# Changing sides of a square (area and derivatives)

• Oct 13th 2009, 05:38 PM
DarkestEvil
Changing sides of a square (area and derivatives)
How fast are the sides of a square changing at the instant when its sides are 6 feet long and its area is decreasing at a rate of 2 square feet per second?

I assume that the square is on a graph. Then I listed the known variables, which are:
$\displaystyle x=6$
$\displaystyle y=6$

Since area is decreasing at a rate of 2 sq. ft/s, would $\displaystyle x'=-2$? Would I have to find the derivative of the formula Area$\displaystyle =lw$ to help get the answer?
• Oct 13th 2009, 08:36 PM
TheEmptySet
Quote:

Originally Posted by DarkestEvil
How fast are the sides of a square changing at the instant when its sides are 6 feet long and its area is decreasing at a rate of 2 square feet per second?

I assume that the square is on a graph.

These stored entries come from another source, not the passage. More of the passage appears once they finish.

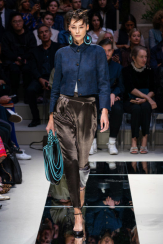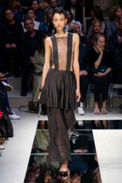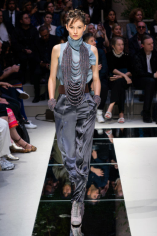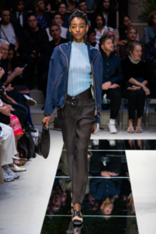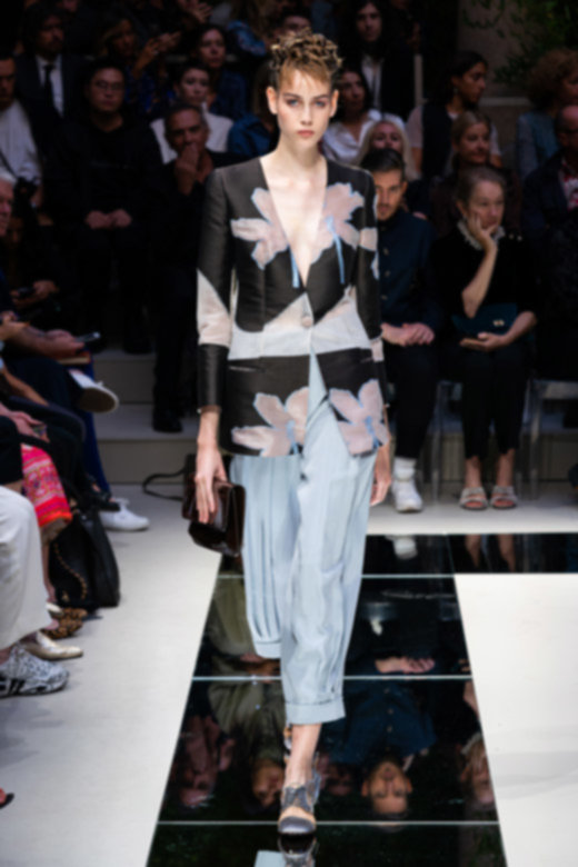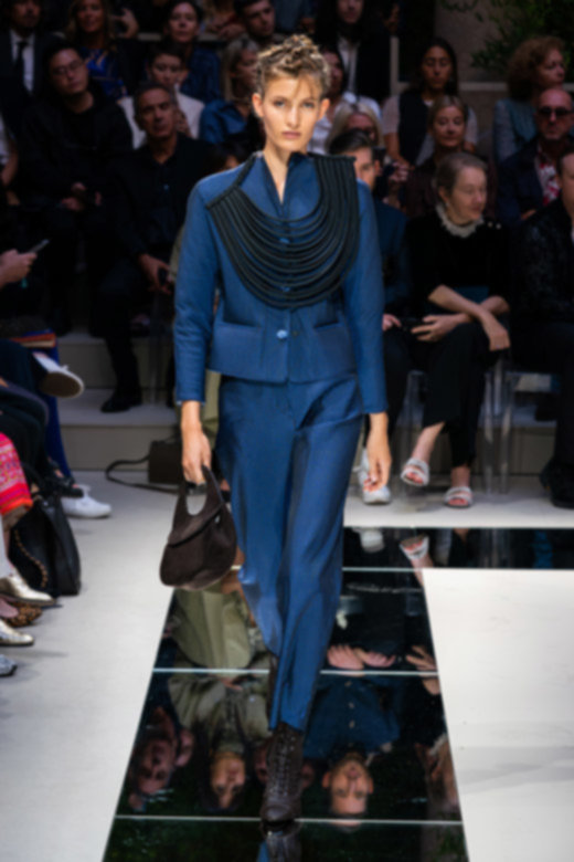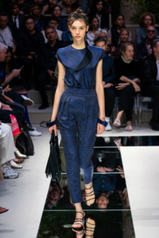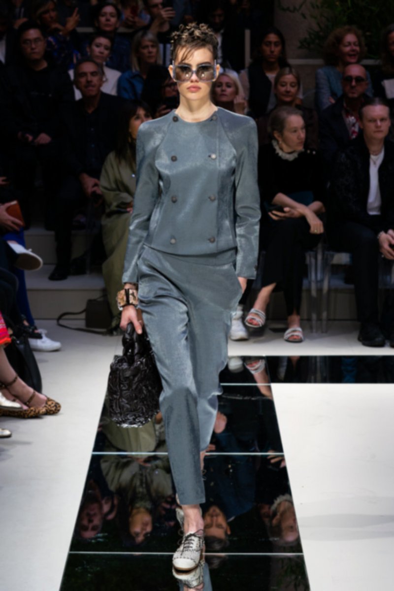تبخترت العارضات على المدارج بتصاميم أحاديّة اللون نذكر منها السترة الرسميّة المزوّدة بصفّين من الأزرار المتماشية مع سراويل ضيّقة من الأسفل والجامبوستات الحريريّة والتنانير المتوسطة الطول. كانت القطع فضفاضة وتكمّلها أحزمة عريضة تغمر خصر العارضات بكلّ أناقة. تزيّنت المجموعة بألوان هادئة واتّسمت برقيّ غير مسبوق - الأمور التي أصبح المصمّم يتقنها أكثر فأكثر مع مرور الوقت.
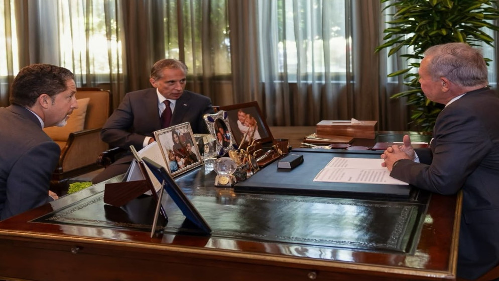 أردني – نشر الديوان الملكي الهاشمي، الثلاثاء، صورة عبر حسابه الرسمي على “انستغرام” تجمع جلالة الملك عبدالله الثاني ورئيس الوزراء الدكتور جعفر حسان، بحضور مدير مكتب جلالته الدكتور علاء البطاينة.
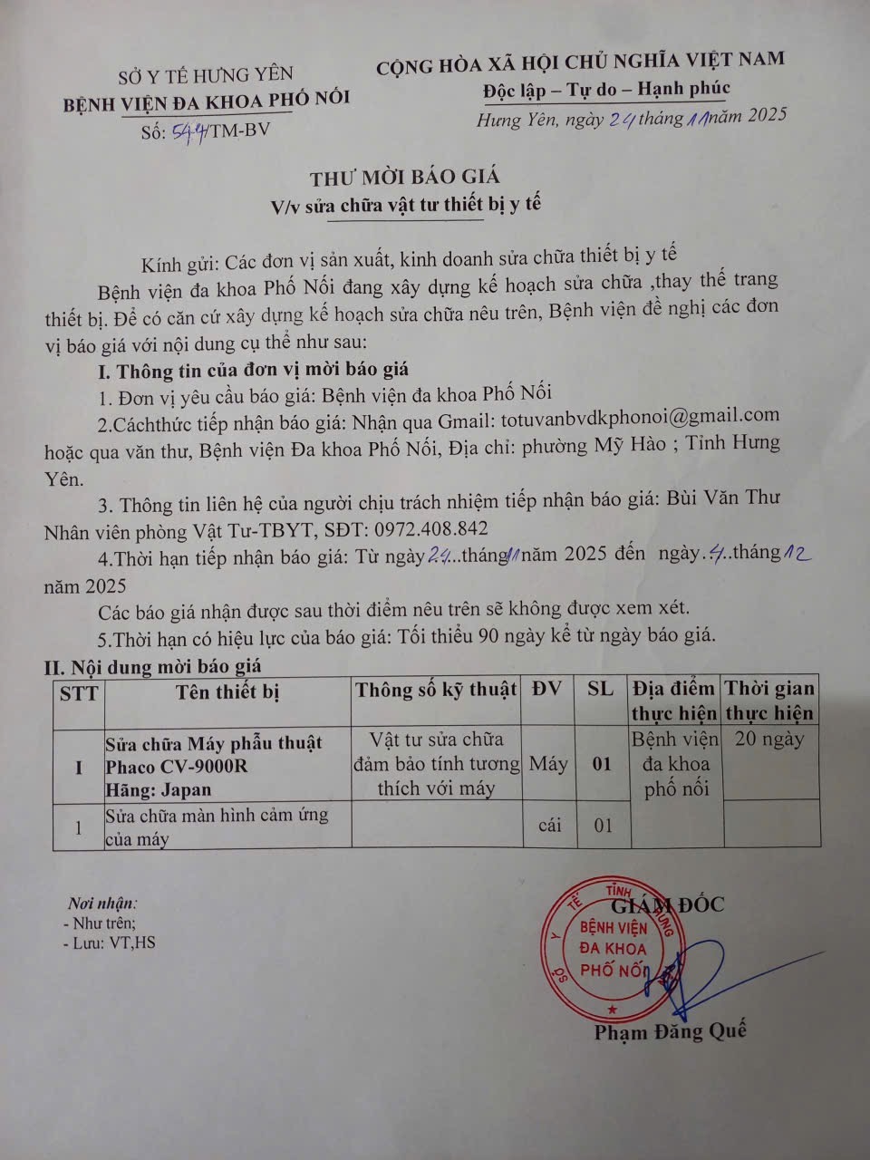 Thư mời báo giá
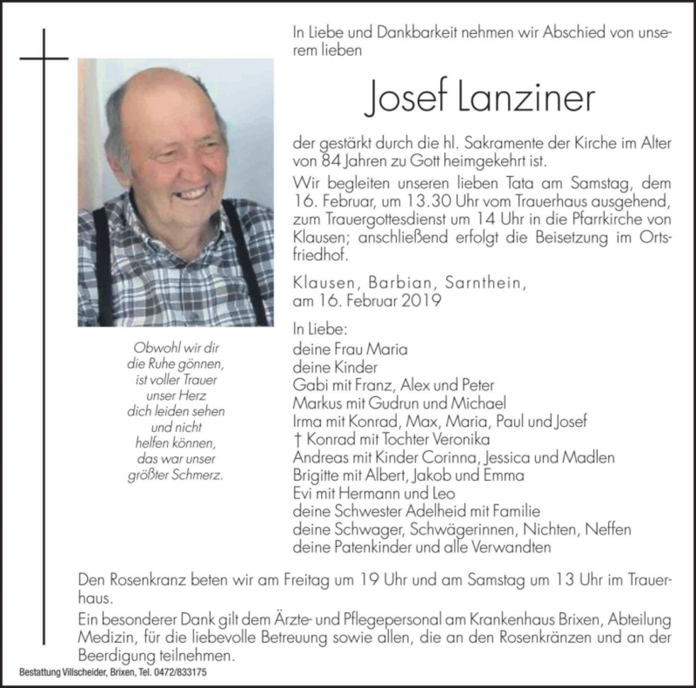 Begräbnisgottesdienst: 16.02. - 14:00 Uhr KLAUSEN
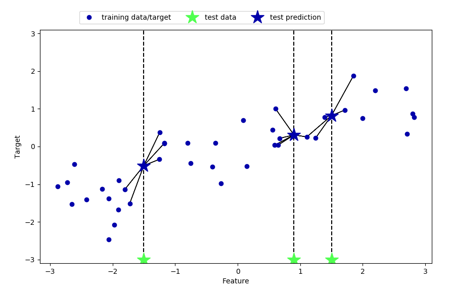 使用 k 近邻进行回归时,预测结果为 k 个邻居的平均值。
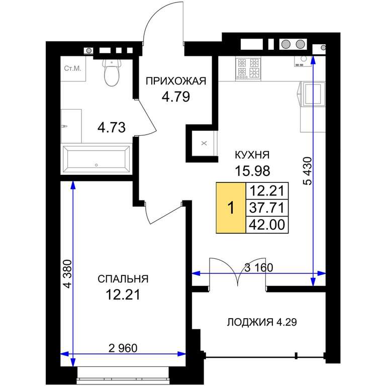 Жилая площадь 12.21 м2, кухня 15.98 м2, предчистовая отделка, комнаты изолированные.
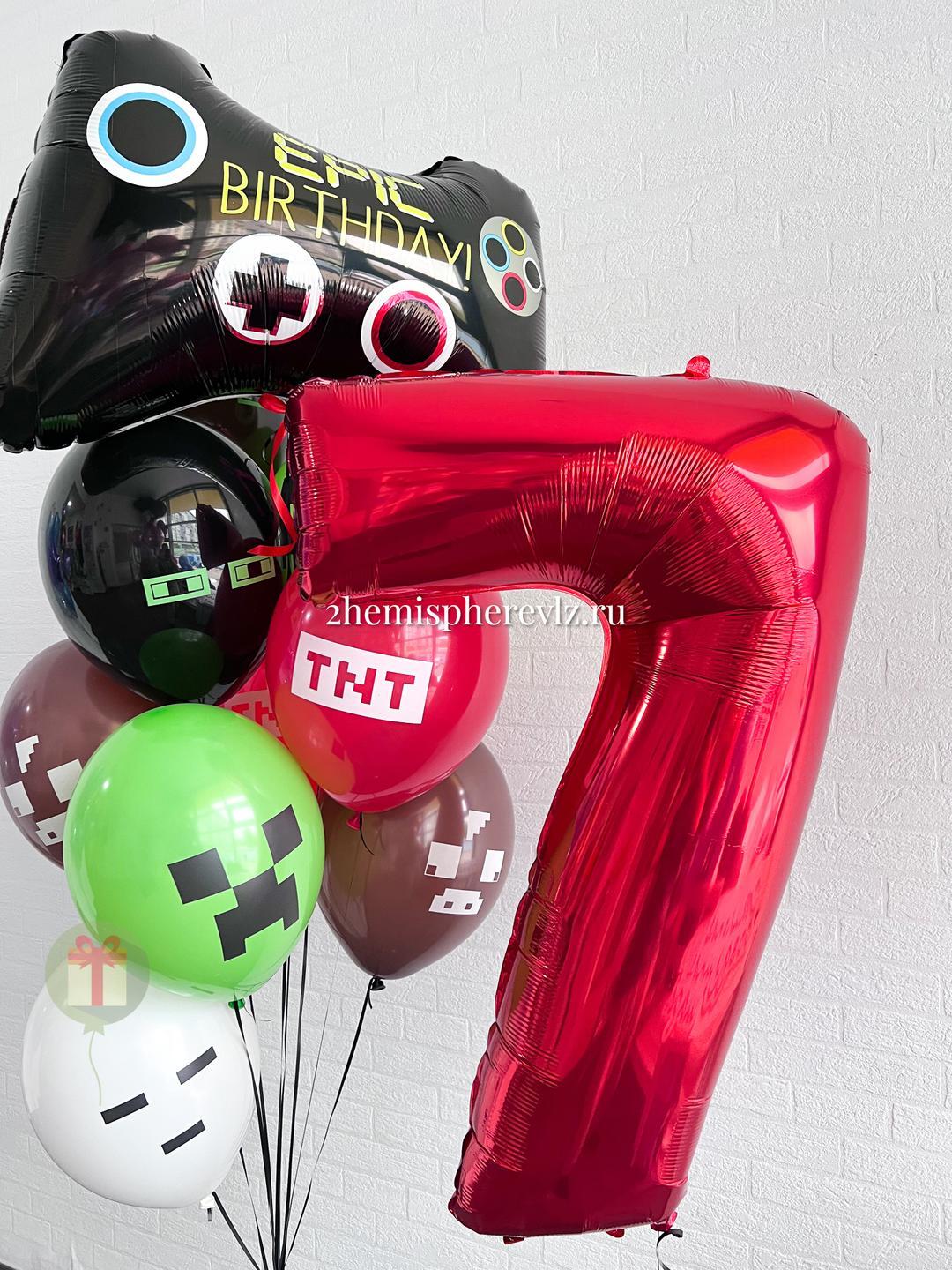 Набор с цифрой из фольги 102 см и фонтан из 9 шаров: фигура фольгированная джойстика и 8 шаров с рисунком майнкрафт. Грузики и пакеты включены в стоимость.
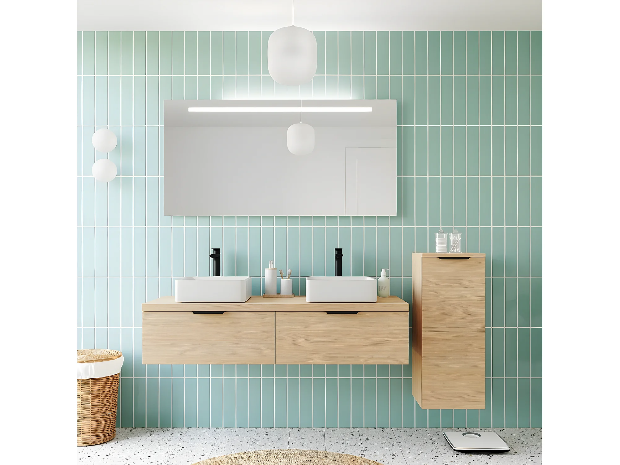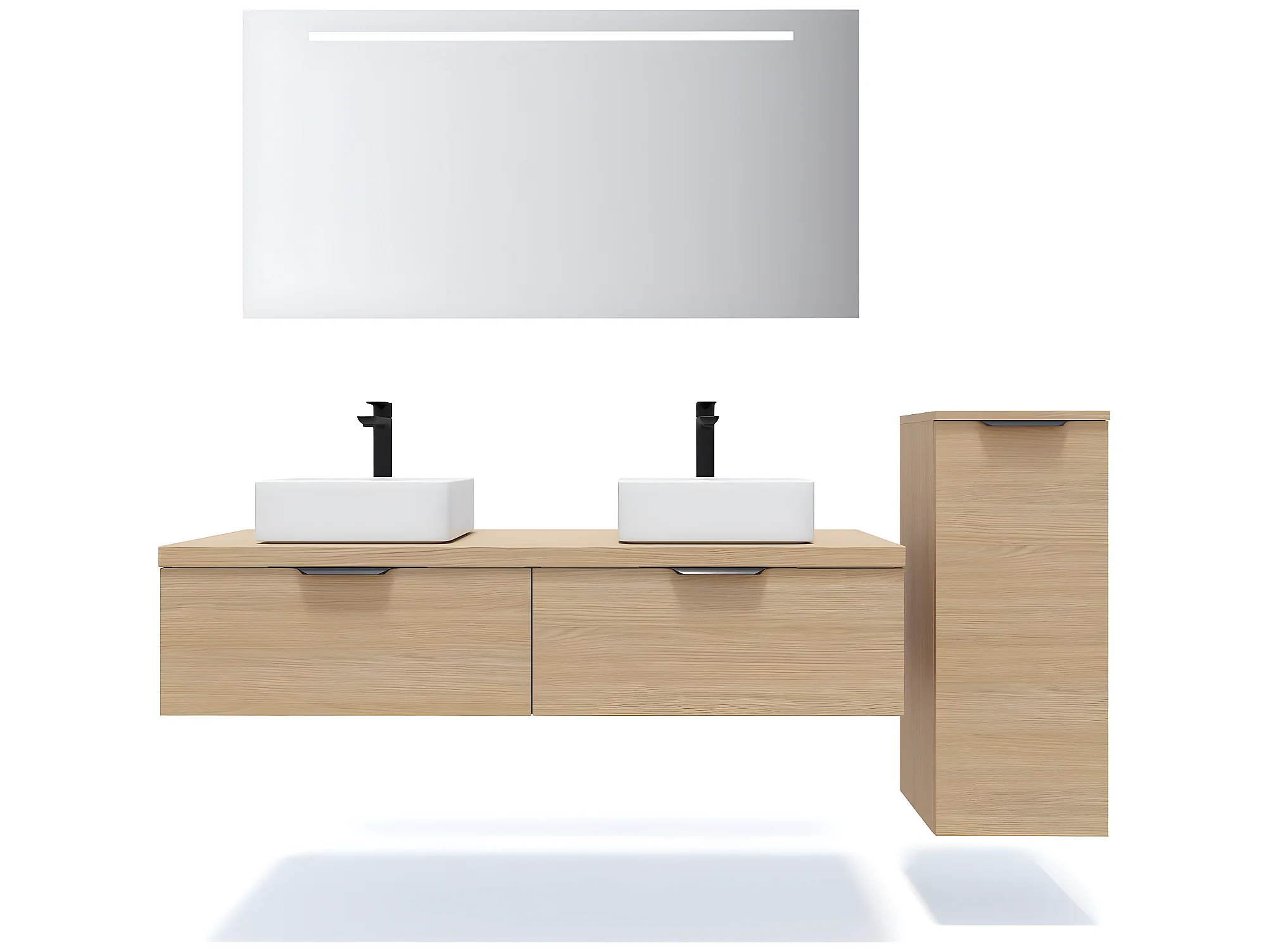 Meuble de salle de bain suspendu 2 vasques à poser 140cm 2 tiroirs Chêne clair + miroir + colonne ouverture droite - Soho

Then I listed the known variables, which are:
$\displaystyle x=6$
$\displaystyle y=6$

Since area is decreasing at a rate of 2 sq. ft/s, would $\displaystyle x'=-2$? Would I have to find the derivative of the formula Area$\displaystyle =lw$ to help get the answer?

The area formula for a square is

$\displaystyle A=s^2$ taking the derivative you get

$\displaystyle \frac{dA}{dt} = 2s\frac{ds}{dt}$
plugging in the above info you get

$\displaystyle -2=2(6)\frac{ds}{dt} \iff \frac{ds}{dt} = -\frac{1}{6}$